MATERIAL FOR THE TASK
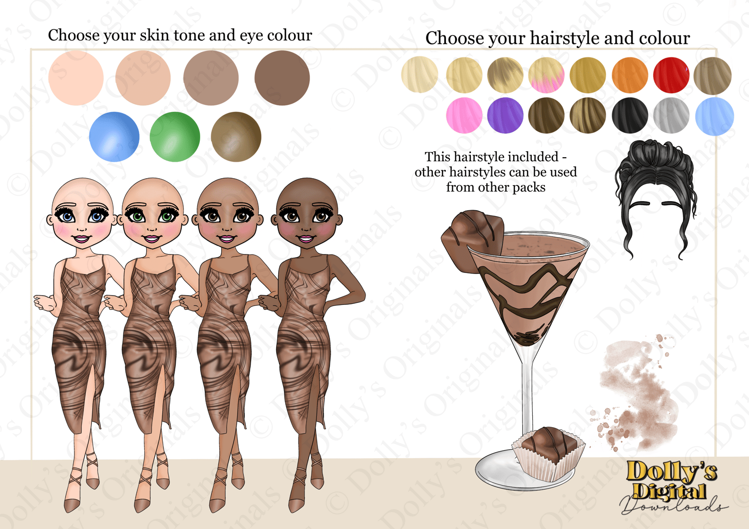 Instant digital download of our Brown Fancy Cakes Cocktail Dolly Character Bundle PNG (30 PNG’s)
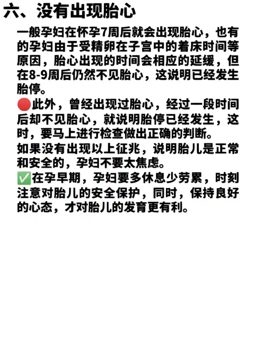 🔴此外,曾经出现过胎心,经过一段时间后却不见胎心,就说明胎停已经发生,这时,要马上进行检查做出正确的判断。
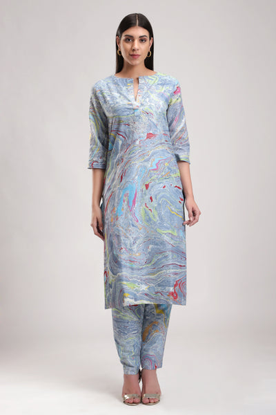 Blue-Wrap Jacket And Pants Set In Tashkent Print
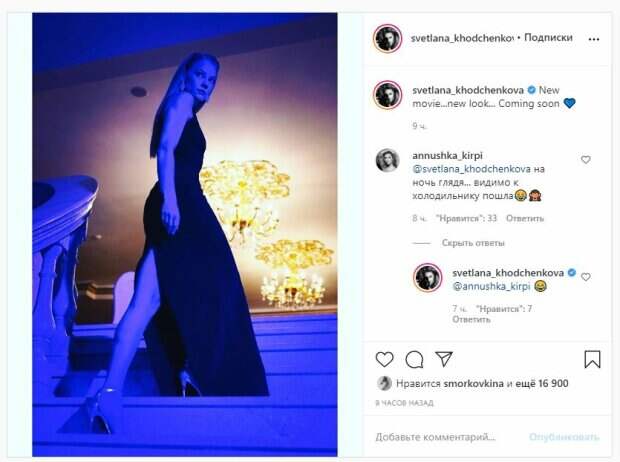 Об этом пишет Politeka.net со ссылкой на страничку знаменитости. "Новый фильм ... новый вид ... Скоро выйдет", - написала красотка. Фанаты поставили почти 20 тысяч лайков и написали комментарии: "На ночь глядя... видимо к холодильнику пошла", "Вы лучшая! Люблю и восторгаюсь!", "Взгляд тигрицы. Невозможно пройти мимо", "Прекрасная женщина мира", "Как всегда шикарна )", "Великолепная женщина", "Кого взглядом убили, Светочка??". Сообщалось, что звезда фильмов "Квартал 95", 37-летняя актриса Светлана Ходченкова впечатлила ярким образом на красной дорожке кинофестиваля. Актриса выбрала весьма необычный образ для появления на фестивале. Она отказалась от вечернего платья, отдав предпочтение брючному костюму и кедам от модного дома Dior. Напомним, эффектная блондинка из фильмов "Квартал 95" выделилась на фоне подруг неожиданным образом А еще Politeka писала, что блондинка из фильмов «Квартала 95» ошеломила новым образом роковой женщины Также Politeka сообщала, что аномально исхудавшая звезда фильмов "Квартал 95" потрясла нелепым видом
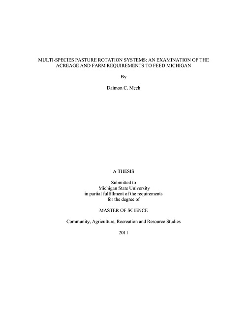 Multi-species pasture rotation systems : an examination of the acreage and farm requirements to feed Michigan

TASK TO CARRY OUT
Without the pictures, return the listing above from its first line through the line that has "Blue-Wrap Jacket And".

RESPONSE TO THE TASK
 Instant digital download of our Brown Fancy Cakes Cocktail Dolly Character Bundle PNG (30 PNG’s)
 🔴此外,曾经出现过胎心,经过一段时间后却不见胎心,就说明胎停已经发生,这时,要马上进行检查做出正确的判断。
 Blue-Wrap Jacket And Pants Set In Tashkent Print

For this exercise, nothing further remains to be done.